Friday, February 4, 2011

February 4, 2011


           I'm about to solve a paradox I'm in due to people who don't keep their promises. As time goes by, I can afford more, but nothing long-term is happening and my goals are suffering. My world is based on long-term plans and this is going to cost somebody. Enrique has to head back to Tennessee soon. That means each passing day he is learning that the offers to buy his place from the Panera people are nothing but lies. None of the old farts who hang out there have any money. And he should know the banks won't lend them any, so everything they say about "financing packages" is bullsh.
           I'm also looking at a new scooter, a Chinese 150cc Znen. Not too flashy, but reliable enough to take on longer trips. You'll get details on this soon enough. Meanwhile, here is a photo of a variable capacitor. The photo is more useful to me than the spec sheet. I can see it has three leads. The technician who wrote the specs somehow fails to mention this important fact.
           Speaking of dunces, you should have seen this jerk at the ATM this morning. Ten minutes, standing there, according to people in the line. I saw him as I biked up and he was finally leaving, but my slow camera means he doesn't make the stoopy-doop list in color. According to the people in the line, when they asked him if he needed help, he kept telling them to "Go buy your own ATM." (He had a Ukrainian accent.)
           When he left, I told him that we had not been aware that this ATM was his.
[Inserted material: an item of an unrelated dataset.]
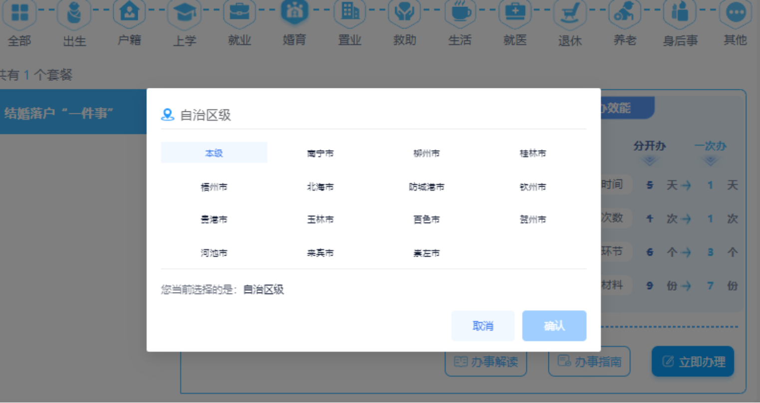 2.户口登记项目变更(婚姻状况),包含广西户籍居民结婚后婚姻状况变更和离婚后婚姻状况变更。

           Today I set up and experimented with one of the new HP touch-screen computers. They are trying to look and feel like Apples, but they lack the balls (and ovaries as well) to get it done right. The system overall was sluggish and the main improvements at first seemed to be focused on automating the first time setup procedures. The procedures that should have been transparent to the user since day one, know what I'm saying?
           That was over at Professor Howard's who is going in for knee surgery shortly. He wanted a complete easy-to-use computer ready for his predicted interval of rest and recovery. That meant a new printer install and mostly a complete replacement of his older system. The touchscreen was present did not seem that intuitive at all. Oh, if you click on Howard's link, that is the Wikipedia profile we set up a few months back, no easy task. How do you like it?
           Biking back downtown, who do I pass on the sidewalk but Mr. Jag, my guitarist? Right outside the High School, where if I'd thought about it would know that is where he is a student and would not have been so surprised. I filled him in on the scooter he can't have now, the potential startup of practices again, the new singer, and how soon to expect a call again. (He was chatting with a pretty little lady, but you know, where I grew up, there was nothing but pretty little ladies in high school. He introduced me as his boss, but I quickly assured the gal we were equal partners on the music part.)

           I've begun another spy mystery novel, by Alastair MacNeill . I often refer to these books as having two authors. They are based on a series of movie sketches by the famous Alistair MacLean but propelled into the more modern style by an author with a confusingly similar name. MacLean avoided things like sex and family entanglements, a welcome break after the past two months of Patterson. The book today is "Time of the Assassins", circa 1991.
           Alas, MacNeill falls into another bad habit of modernity by introducing no less than 50 different characters by page 200 of the paperback. The book fails to pass muster on this count alone. Do we really need to know the name of the prison guard and every beat cop who shows up at the scene, plus the names of their masters?
           The setting is an African country used by international crime syndicates to launder thier proceeds. Just last day, it was announced that a new malaria mosquito has been discovered, immune to most eradication techniques. The anopholes lives indoors, this new one is out in the wild. It adds up to just a few more exports the world can thank Africa for.